アゼルバイジャン天然ガス移送のTANAP、始動!
2018年06月12日付 Milliyet紙


トルコのエネルギー需要保障に重要な貢献をするであろうアナトリア横断パイプラインプロジェクト(TANAP)が式典によって開通した。TANAPによって、東と西の間でアゼルバイジャンとともにエネルギー橋が建設され、エネルギーの新たな誕生が約束された。エルドアン大統領は歴史的な開通において、「TANAPは、共通ビジョンの最後の成果だ。TANAPは同時に我々が始動させる新しいプロジェクトの先駆けとなるものだ。」と話した。
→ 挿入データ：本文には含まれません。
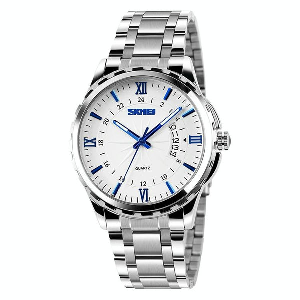 SKMEI 9069 Multifunctional Outdoor Fashion Business Waterproof Silver Shell Quartz Wrist Watch(Blue)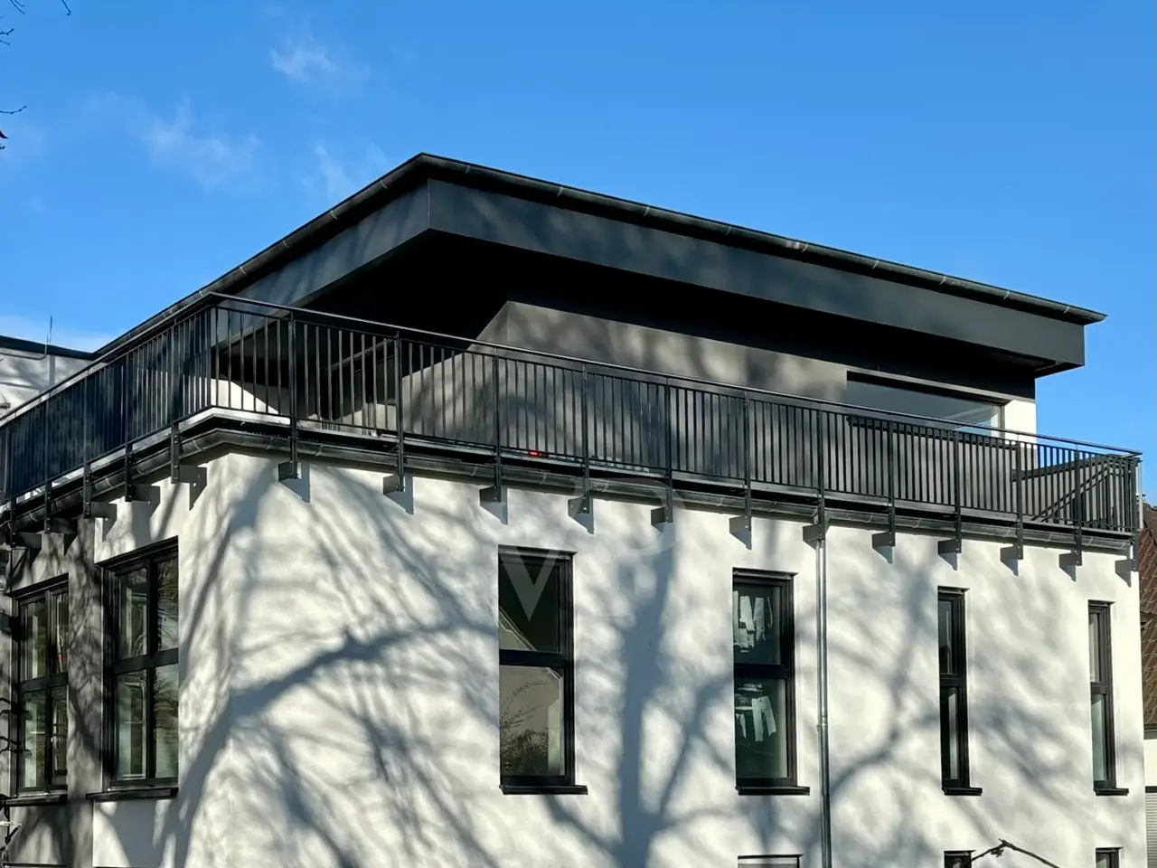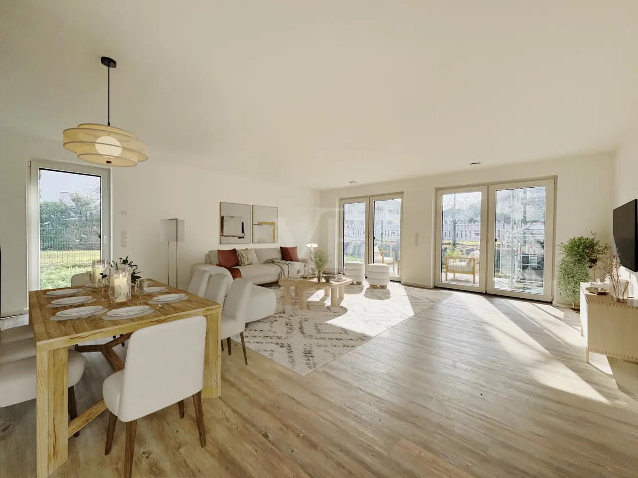 A modern semi-detached house is for sale, which impresses with its contemporary design and upscale furnishings. Built in 2024, the property is in new condition and promises a high level of living comfort in an attractive environment. The living space of approx. 200.56 m² extends over three floors and offers space for the whole family. Situated on a plot of around 256.47 m², the house comprises a total of five rooms, including three bedrooms and a spacious bathroom. In addition, a separate kitchen completes the room layout and offers enough space for culinary activities. The kitchen is functionally designed so that all work processes can be optimally organized. A modern central heating system in combination with an air heat pump ensures a pleasant living climate. The underfloor heating, which is installed in all living areas, ensures cozy warmth and a pleasant living atmosphere. The furnishings in the house are of exquisite quality. The large-format tiles and wood-look vinyl flooring are particularly noteworthy, creating a harmonious combination of classic design and modern accents. One of the highlights of this property are the floor-to-ceiling windows, which give the rooms plenty of light and an open atmosphere. In addition, all windows are fitted with electric shutters that can be conveniently controlled for added comfort. The large roof terrace offers an appealing outdoor retreat. A green flat roof contributes to the environmental friendliness of the house and supports the sustainable construction method. Two parking spaces are available for your vehicles, offering convenient parking options. This semi-detached house impresses with its well thought-out design and the use of high-quality materials. The solid staircase blends seamlessly into the overall picture and underlines the durability of the construction method. An elevator can be added on request. The building services and building design are state-of-the-art, which not only ensures efficiency but also high energy savings. If you are looking for a modern home that meets all the requirements of contemporary living, you should consider this property.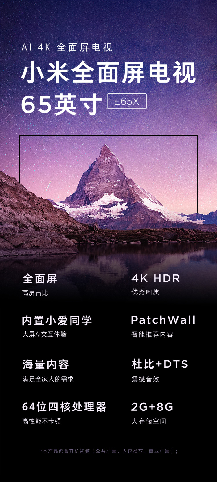 商品名稱:小米(MI)電視E65X 65英寸 全面屏 4K超高清HDR 藍牙遙控內(nèi)置小愛 2 8GB AI人工智能液晶網(wǎng)絡平板電視 L65M5-EA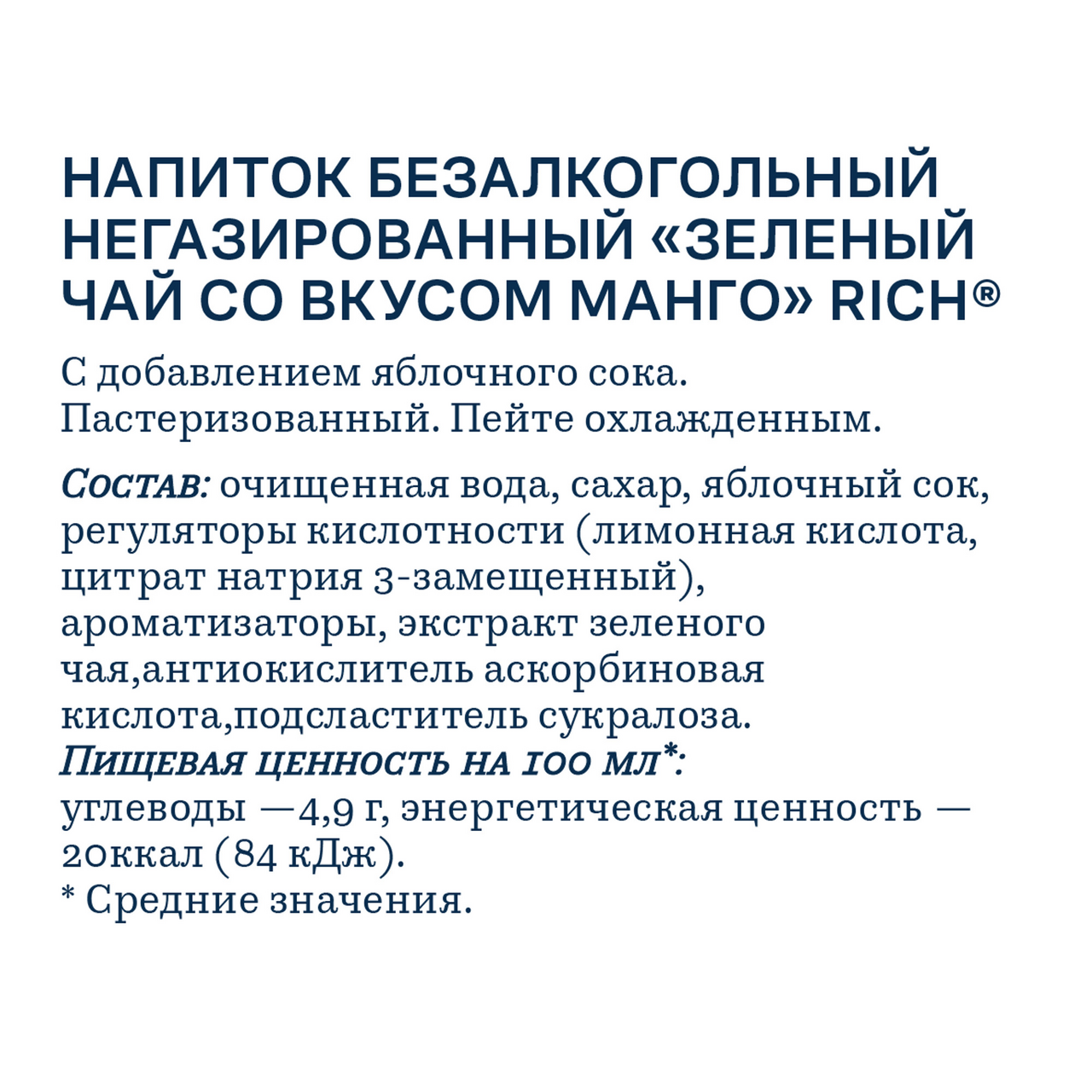 Холодный чай Rich tea зеленый со вкусом манго, 1л

トルコとアゼルバイジャンによって工事が3年に及び、アゼルバイジャンの天然ガスをトルコを経てヨーロッパへと輸送するトランス・アナトリア天然ガスパイプラインプロジェクト(TANAP)が開かれた。TANAPの開通式典にはレジェプ・タイイプ・エルドアン大統領、アゼルバイジャンのイルハム・アリエフ大統領、セルビア共和国のアレクサンダル・ヴチッチ大統領、北キプロス・トルコ共和国のムスタファ・アクンジュ大統領とウクライナのペトロ・ポロシェンコ大統領も参加した。

■エルドアン氏:歴史的な一歩を踏み出している

エルドアン大統領は、TANAPの開会式典において重要な発表を行った。以下はエルドアン大統領の発表の要点である:

「敬意を表すべき大統領方がた、大切な大臣方、国会議員の方々、エネルギー業界の素晴らしい代表者どの、来賓の方々、ご婦人、紳士の皆様、あなた方をに心の底より敬意を込めまして挨拶を申し上げます。
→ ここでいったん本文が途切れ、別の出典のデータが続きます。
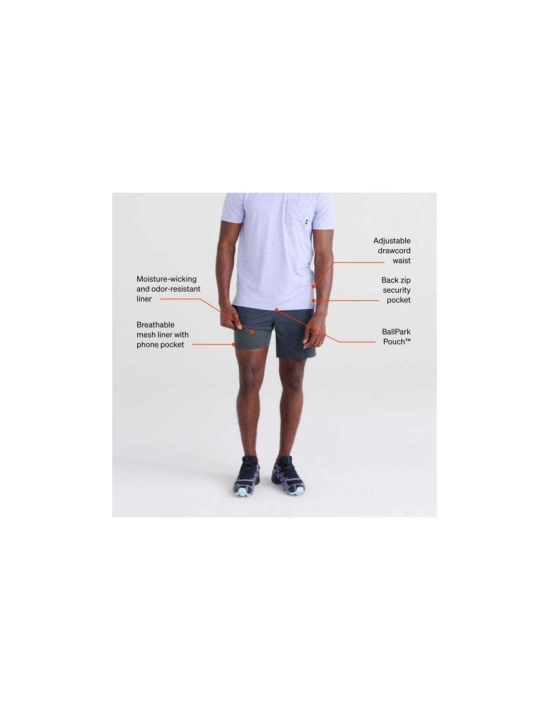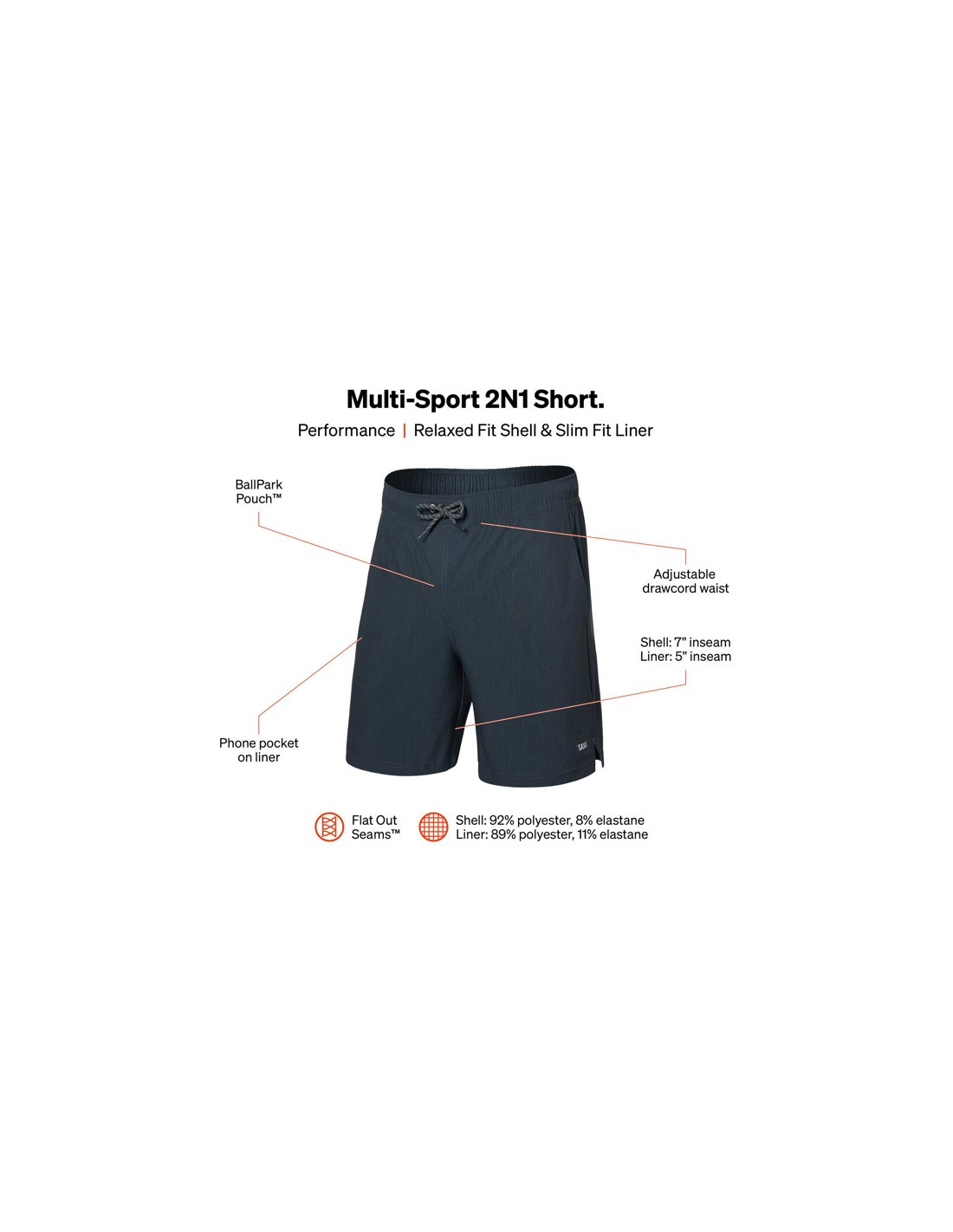 A SAXX Multi Sport 2N1 rövidnadrág sokoldalú ruhadarab, amely ideális különféle sporttevékenységekhez. 2 az 1-ben kialakítása a testhez illeszkedő Slim Fit bélést és a Relaxed Fit külső réteget ötvözi a kényelem és a mozgásszabadság érdekében.

今日、我々の地域と我々の国にとって歴史的な一歩を踏み出しています。エネルギーの「シルクロード」として形容しましたトランス・アナトリア天然ガスパイプラインプロジェクトの開通式を行っています。TANAPによってアゼルバイジャンのガスが初めてヨーロッパへと運ばれることになります。TANAPトルコは、中東とヨーロッパの最長の天然ガスパイプラインです。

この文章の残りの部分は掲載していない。